Item: This year NBC did away with backup games for three of the four Saturday doubleheaders it aired during the Game of the Week. The move saved the network about $125,000 per week. Once the backup telecasts were canceled, however, NBC had to be sure that its primary games didn't get rained out. The solution was simple: Carry games played under domes or in sunny Southern California. The May 16 doubleheader was typical—Chicago at Houston followed by Baltimore at California. These days the location of the game means more than its significance in a pennant race. The second half of NBC's final doubleheader, on July 25, featured the Cubs at the Dodgers. At the time neither team was contending for a division title.

Another effect of the cuts is that a lengthening list of secondary sports is struggling to find airtime on the networks. For a while this year, it was questionable whether any network would buy the rights to next summer's U.S. Olympic trials in track and field, swimming and other sports. ABC eventually purchased them for $3 million when NBC, which is carrying the Summer Olympics two months later, refused to go higher than $2.5 million. Once upon a time, the network owning rights to the Olympics wouldn't have dreamed of not televising the U.S. trials. The trials, however, didn't come to the networks prepackaged and presold, and that, as we shall see, can be critical.
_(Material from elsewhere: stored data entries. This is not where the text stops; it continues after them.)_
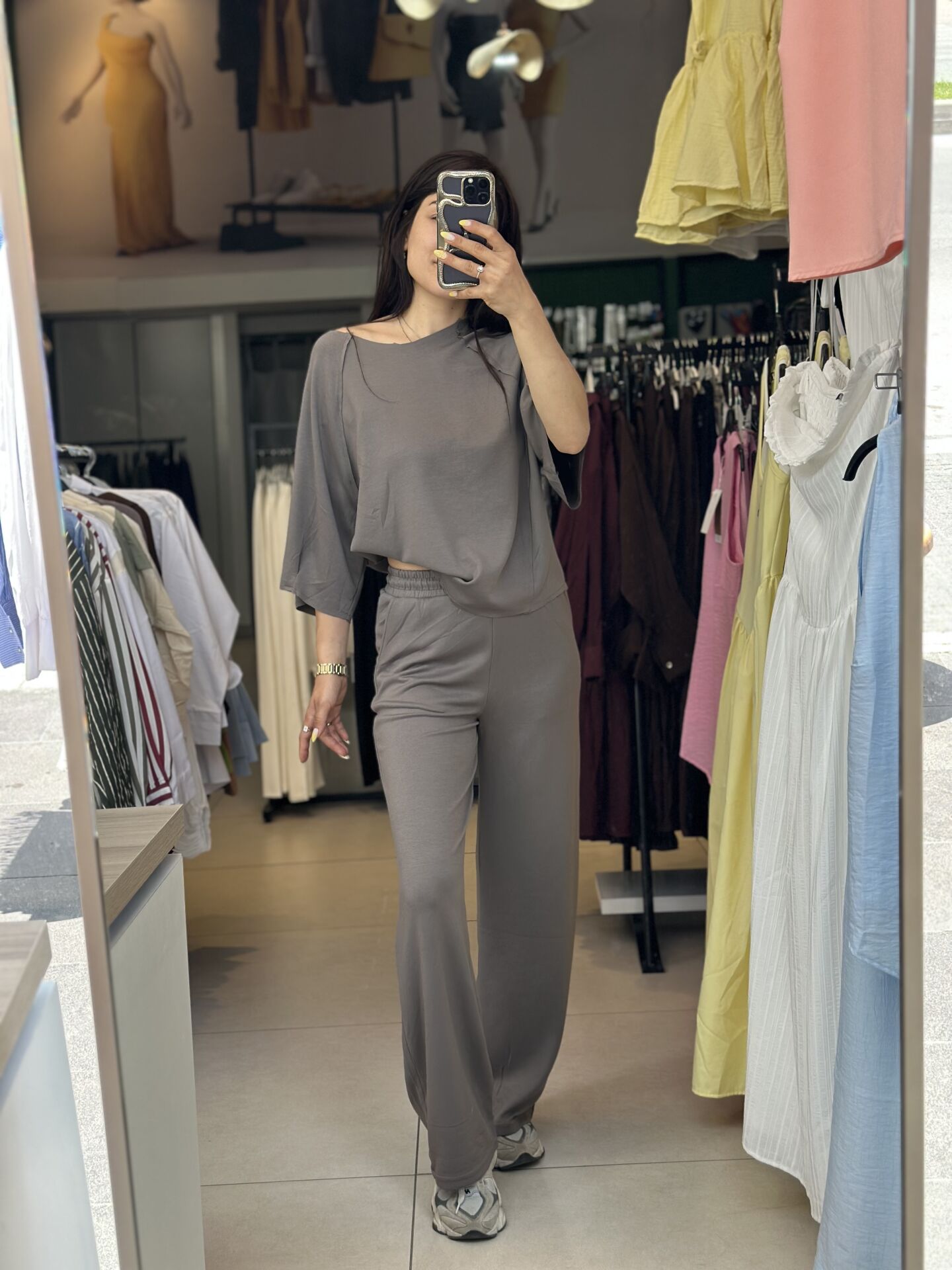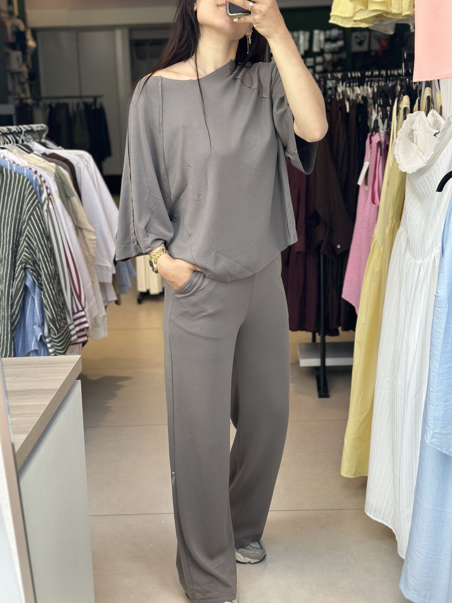 Yumuşak ve rahat kayık yaka modal kumaş takımı, şıklığı ve konforu bir arada sunar. Gündelik giyim için ideal olan bu takım, özgün tasarımı ve kaliteli malzemesiyle dikkat çeker. Günlük kullanım için mükemmel bir seçenektir.
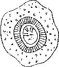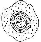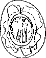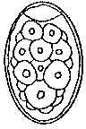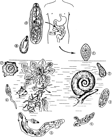 Bildo 8. Fasciolopso buska (Fasciolopsis buski): Nematura ovo (1) en kiu poste evoluas miracidio (2), per kiu infektiĝas limako. En tiu "unua intera gastiganto" disvolviĝas sporocistoj kun redioj (3) kiuj transformiĝas al patrinaj redioj kaj produktas idajn rediojn (4), el kiuj estiĝas cerkarioj (5). La cerkario (6) adheriĝas al akvoplanto (kiu servas kiel "dua intera gastiganto") kaj pluevoluas al encistigita metacerkario (7). Post ingesto, juna distomo liberiĝas el la metacerkaria ŝelo (8) kaj pludisvolviĝas en la intestokanalo al adolto (9). |
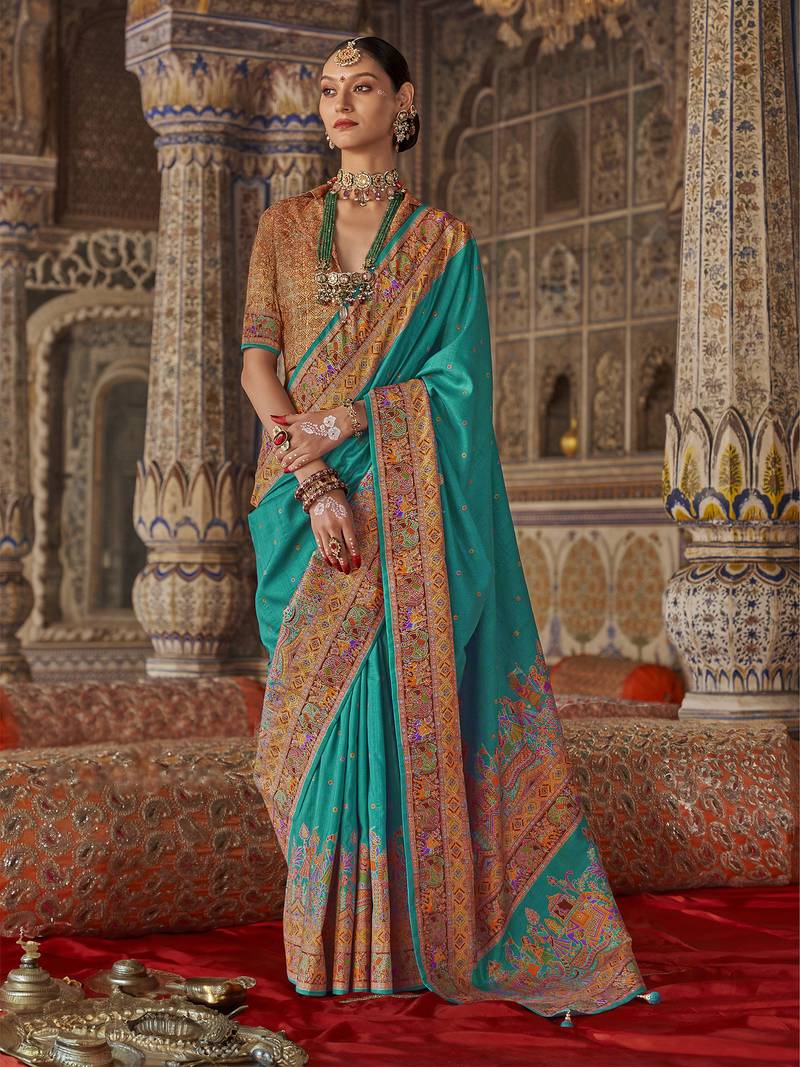 | • | Saree | : | Color- Teal / Fabric- Silk Blend |
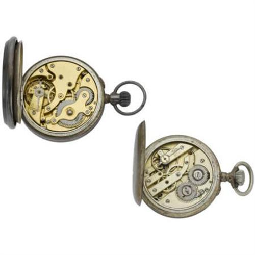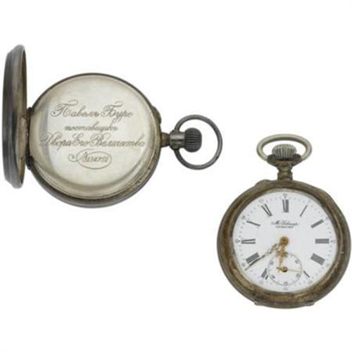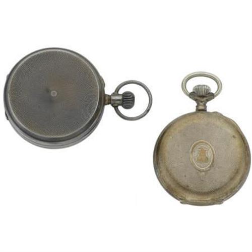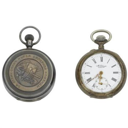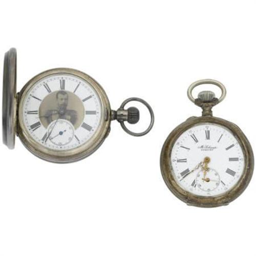 <B>Dutch & Russian Coin Silver Pocket Watch Lot</B></I><BR><BR>The lot includes one openface coin silver watch from the Netherlands:<BR>Case: 48 mm, hinged, smooth bezel and edge with engine turned caseback<BR>Dial: white enamel with black Roman numerals, goldtone "Louis XIV" hands and sunken auxiliary sweep seconds, marked M. Schaap Utrecht<BR>Movement: 38 mm, jeweled with nickel bridge, but otherwise unmarked<BR><BR>The second coin silver watch is of Russian origin:<BR>Case: 50 mm, hinged, engine turned with smooth edge and decorative case front panel depicting an intertwined pick, axe, shovel, trowel and shield framed by Russian script, ?a Ot??? Oko?? K?pca Ca?ep?o? Koma???<BR>Dial: white enamel with transfer print image of Czar Nicholas II, black Roman numerals, black elongated "Spade" hands auxiliary sweep seconds and mineral crystal<BR>Movement: no markings on movement; however dustcover is marked, and there is an additional inscription on the case front interior- both in Russian. Inscription dates to 1909. <B>Condition Report:</B> Dutch Watch:<BR>Missing crystal.<BR>Hour hand bent.<BR>Hairline cracks in dial.<BR>Watch is not in working order.<BR><BR>Russian Watch:<BR>Case it tarnished, but in otherwise very good condition.<BR>Dial is in very good condition.<BR>Watch is currently in working condition.<BR><BR><b>Shipping:</b> Miscellaneous Collectibles, Smal (<a target="_blank" href="http://www.heritageauctions.com/common/shipping.php">view shipping information</a>)
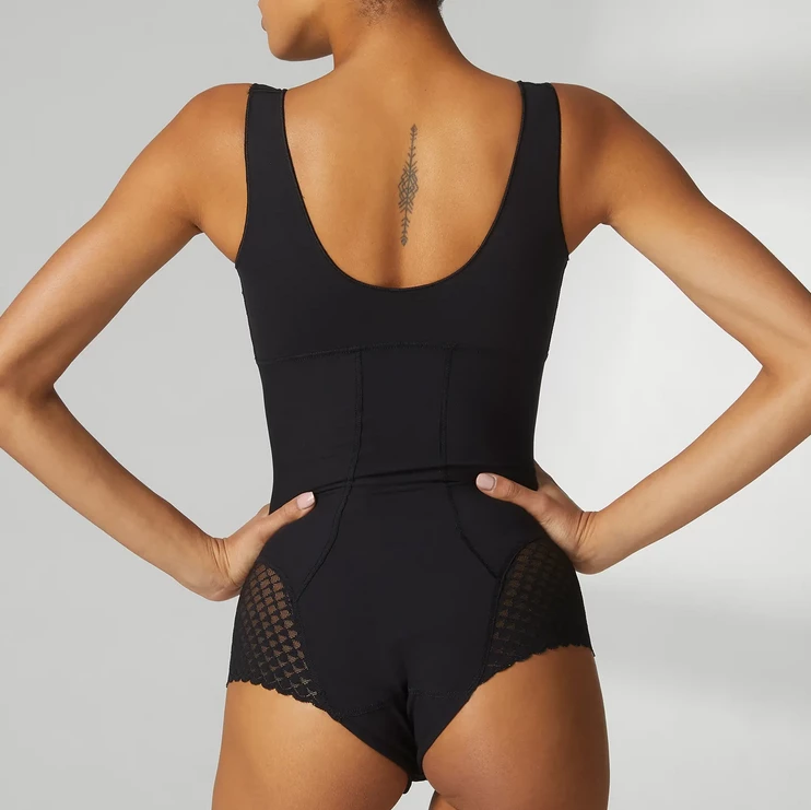 Supports and smooths your waist, butt and back. Shapewear or style piece? We think you should have it all. This everyday sculpting bodysuit targets your core and back, shapes your butt and offers support for your bust. French lace gives this everyday shapewear piece a chic update you’ll love to layer under your daily chic. Wear it with or without a bra and always feel beautiful, from café to soirée.
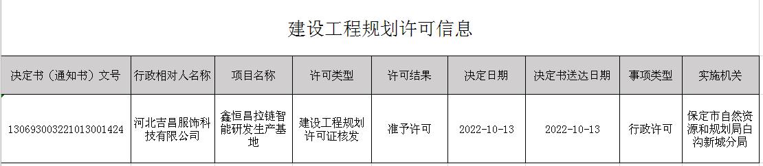 鑫恒昌拉链智能研发生产基地项目建设工程规划许可信息
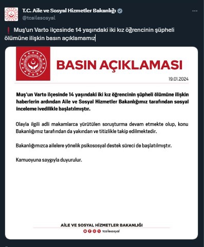 Bakanlıktan yapılan açıklamada, Varto ilçesinde 14 yaşındaki iki kız öğrencinin şüpheli ölümüne ilişkin haberlerin ardından ivedilikle sosyal inceleme başlatıldığı belirtildi.
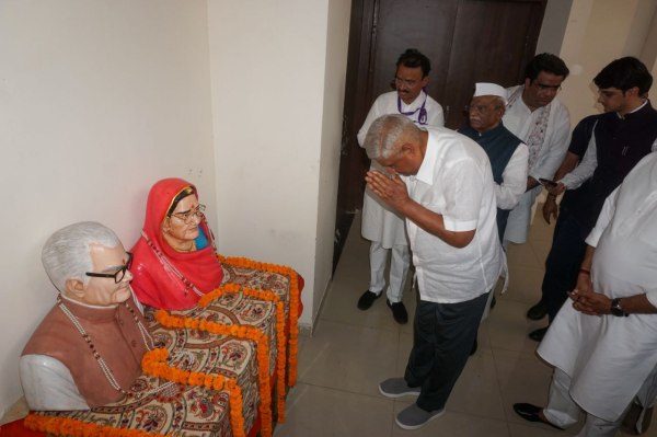 लाइब्रेरी के उद्घाटन के दौरान वहां लगी मूर्ति को नमन करते जगदीप धनकड़। फोटो अनुग्रह सोलोमन।
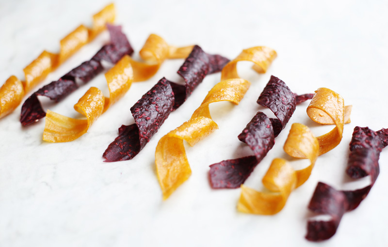 One of the things that we have been talking about trying since we started this blog is Fruit Rolls. You know those sticky candy rolls that you buy just when you thought you were done shopping in the supermarket. They usually contain gelatin, preservatives and a whole lot of sugar. After a quick recipe search on the internet it seems like that doesn’t have to be the case. Just using fruit is actually enough to make candy in all kind of shapes and colors. In contrast to our seven-minute-sweets, this candy is more of a seven hour thing! Making them is actually quite simple but they need a long time in the oven on the lowest temperature possible. We decided to make two different kinds, yellow (mango, apricots and oranges) and red (raspberries, blackberries and bananas), they both tasted great!
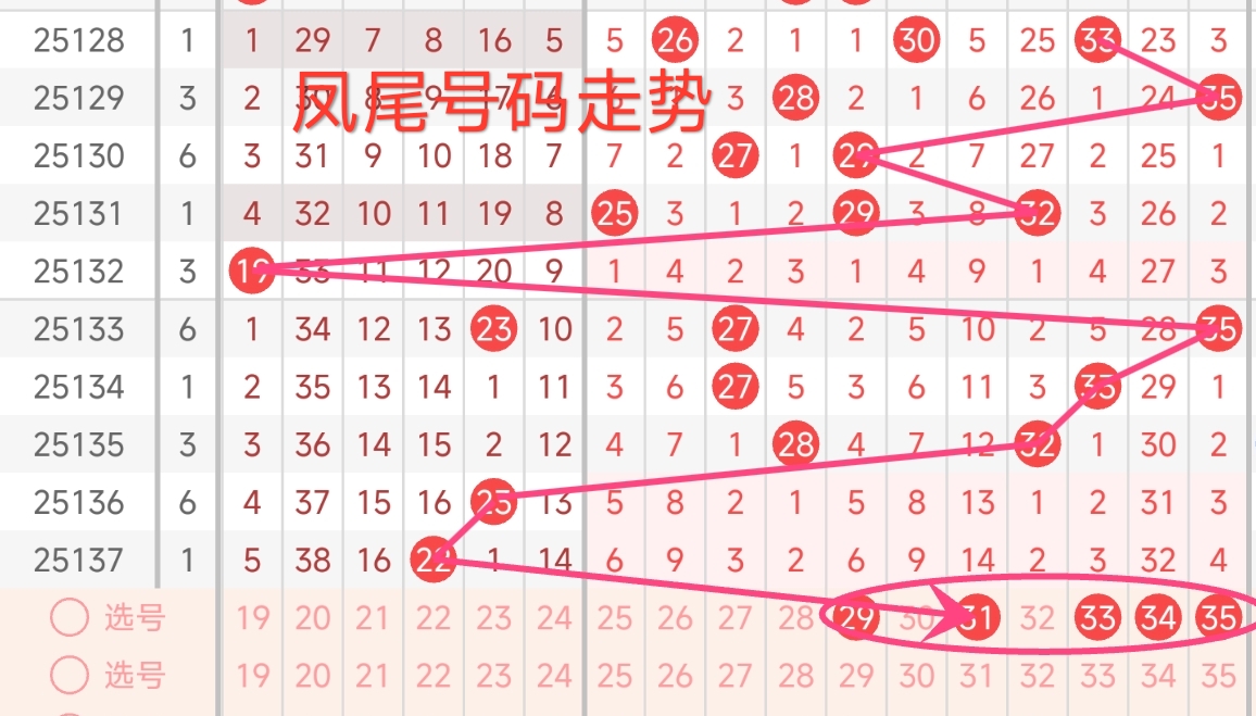 上期凤尾号码为22,振幅下降了1点,开出偶数号码。从近期凤尾号码的走势来看,近期凤尾号码波动较大。上期凤尾为22、为偶数号码。根据近期凤尾号码走势来看,近期凤尾号码主要在红二区与红三区之间徘徊。近两期凤尾号码开出较小,连续2期凤尾号码开出红二区号码,红三区号码断区,本期预计凤尾号码会有所上升回补大号码区域,预计本期凤尾号码可以关注26-35区间开出。本期还需注意连续多期漏出的号码,需重点关注,有回补凤尾号码的趋势 。综合考虑,本期凤尾号码可以重点关注29、31、33、34、35。

As soon as the accountants took over, something called "sponsor-funded programming" became the new religion. Within the last two years or so, sponsors not only have struck dozens of deals with organizers to attach their names to events, but they also have bought huge chunks of airtime so the networks will mention them dozens of times within the noncommercial body of the telecast. For example, two years ago, NBC aired the Sunkist Fiesta Bowl without mentioning Sunkist, which had paid the bowl committee to have its name attached to the game. Why wouldn't NBC play ball? Because Sunkist had not bought 30% of NBC's ad time. Last year Sunkist anted up, and, glory be, the network suddenly started calling the game the Sunkist Fiesta Bowl.

A flood of events now arrives at each network's doorstep presold and, in many cases, outsider-produced. Do the networks love it? Absolutely. They can focus their sales staff on selling the major revenue-producers, such as football, baseball and basketball. Do the events' independent packagers love it? You bet. They can make a profit when the networks frequently can't, because they find it easier than the networks to bypass union crews. Do the sponsors love it? Sure. Not only is the company's name seen and heard throughout the event, but at the conclusion, a company exec gets to hand out the winner's check on air as well.

Item: At the end of the Shearson Lehman Brothers tennis tournament in May. ABC ran three minutes into network and affiliate news time so that Shearson vice-chairman Hardwick Simmons could present an oversized check to the winner, Andres Gomez. "We felt it was important to Shearson. which supported the telecast and the event at a significant level," says ABC programming chief Bob Iger.

"It used to be that the ratings were directly related to the profitability of a show," says Sean McManus, a vice-president with a sports packaging house called Trans World International, who until last month was NBC's vice-president for sports programming. "That's no longer the case. I don't need to get good ratings for some of my tennis or anthology events to make a very healthy profit."